Taking the line with "Le sténopé : découverte" as the first, copy every line through the end of the records below exactly. Do not include pictures.

INPUT RECORDS: Begin

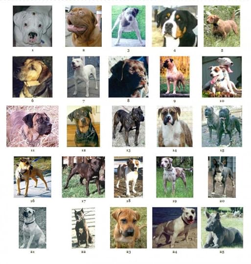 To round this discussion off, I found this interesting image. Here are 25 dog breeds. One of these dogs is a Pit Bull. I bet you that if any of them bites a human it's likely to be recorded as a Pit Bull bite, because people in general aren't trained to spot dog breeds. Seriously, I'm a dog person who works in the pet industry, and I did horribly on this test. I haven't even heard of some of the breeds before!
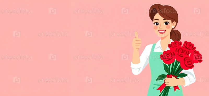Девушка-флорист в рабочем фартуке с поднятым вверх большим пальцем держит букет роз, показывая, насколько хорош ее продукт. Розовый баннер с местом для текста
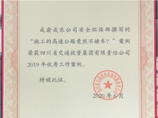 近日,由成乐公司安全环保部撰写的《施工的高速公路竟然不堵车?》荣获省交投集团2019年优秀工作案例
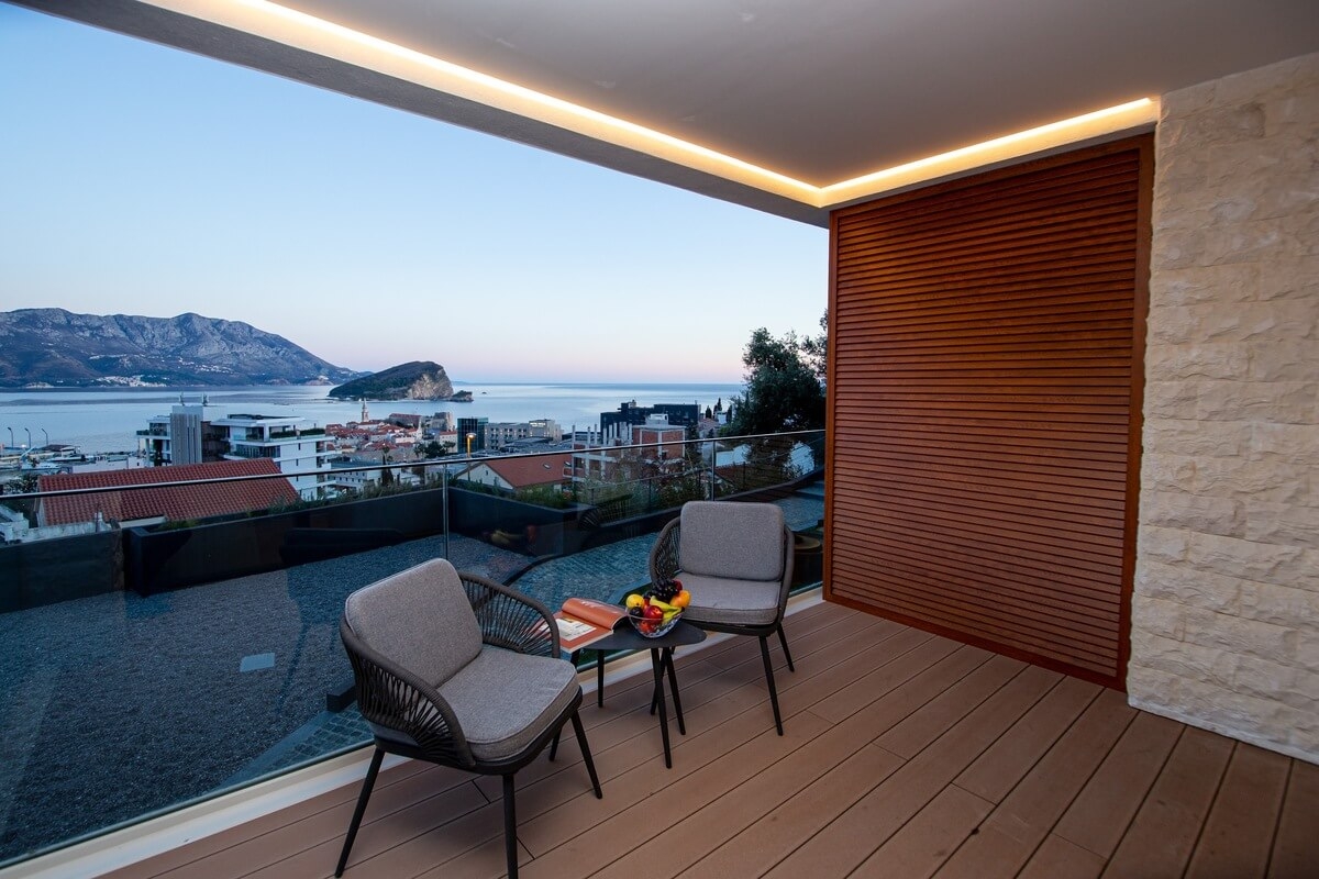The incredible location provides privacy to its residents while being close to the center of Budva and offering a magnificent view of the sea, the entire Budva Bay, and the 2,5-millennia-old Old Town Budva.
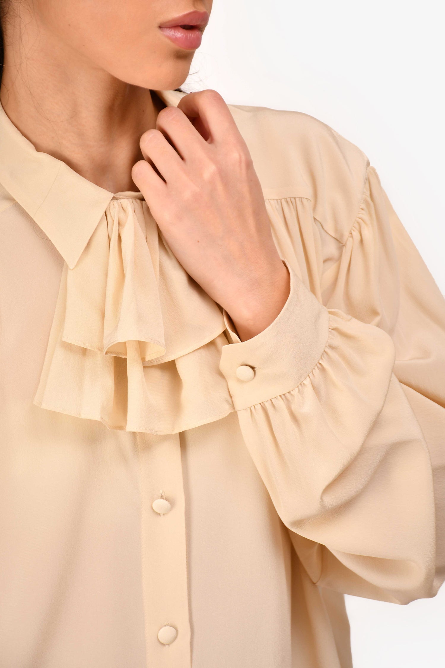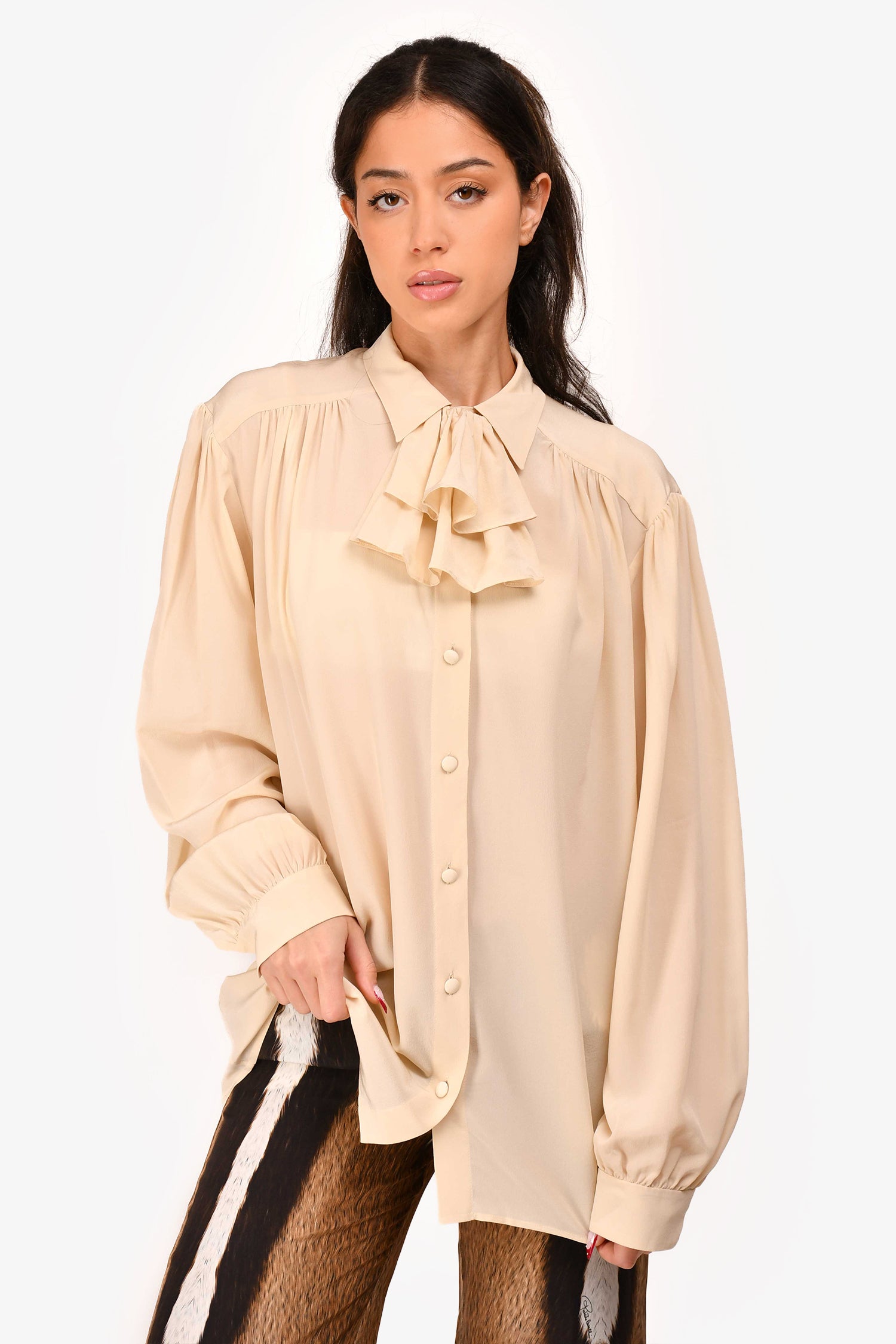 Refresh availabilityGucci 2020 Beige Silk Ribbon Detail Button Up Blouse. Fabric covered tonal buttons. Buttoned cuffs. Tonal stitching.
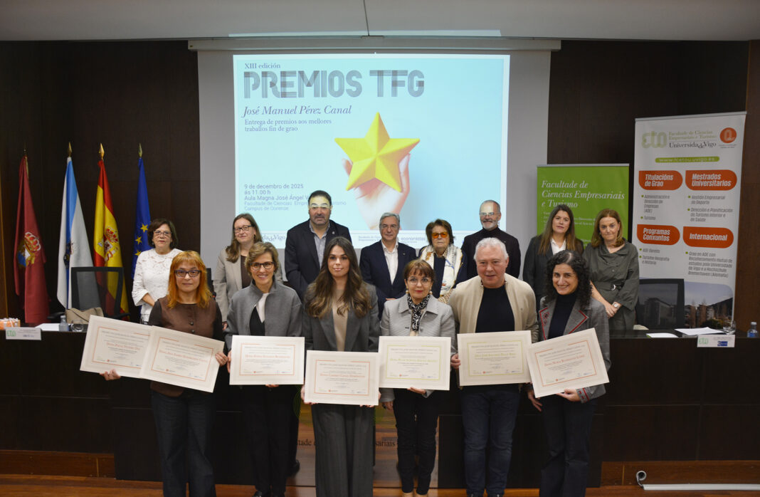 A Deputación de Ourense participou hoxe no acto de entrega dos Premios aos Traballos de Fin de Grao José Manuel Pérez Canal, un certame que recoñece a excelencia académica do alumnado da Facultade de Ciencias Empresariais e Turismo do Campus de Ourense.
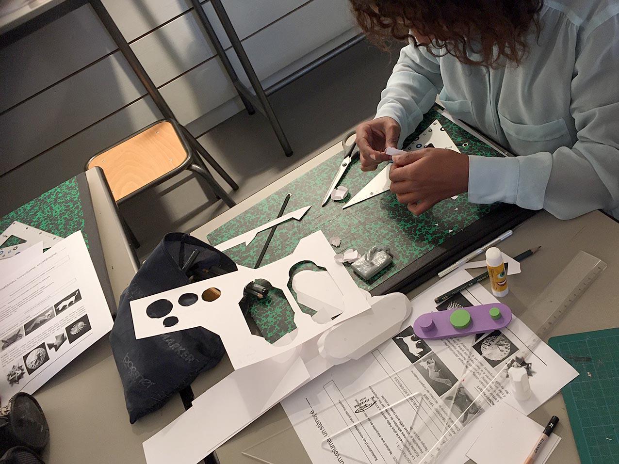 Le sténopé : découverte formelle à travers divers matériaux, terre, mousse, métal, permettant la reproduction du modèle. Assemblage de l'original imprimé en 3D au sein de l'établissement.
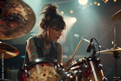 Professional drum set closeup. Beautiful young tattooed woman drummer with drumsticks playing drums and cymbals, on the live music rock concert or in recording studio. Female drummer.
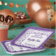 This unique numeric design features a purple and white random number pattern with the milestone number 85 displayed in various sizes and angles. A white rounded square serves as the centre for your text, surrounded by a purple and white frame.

INPUT RECORDS: End

**ANSWER TO THIS PROBLEM**
 Le sténopé : découverte formelle à travers divers matériaux, terre, mousse, métal, permettant la reproduction du modèle. Assemblage de l'original imprimé en 3D au sein de l'établissement.
 Professional drum set closeup. Beautiful young tattooed woman drummer with drumsticks playing drums and cymbals, on the live music rock concert or in recording studio. Female drummer.
 This unique numeric design features a purple and white random number pattern with the milestone number 85 displayed in various sizes and angles. A white rounded square serves as the centre for your text, surrounded by a purple and white frame.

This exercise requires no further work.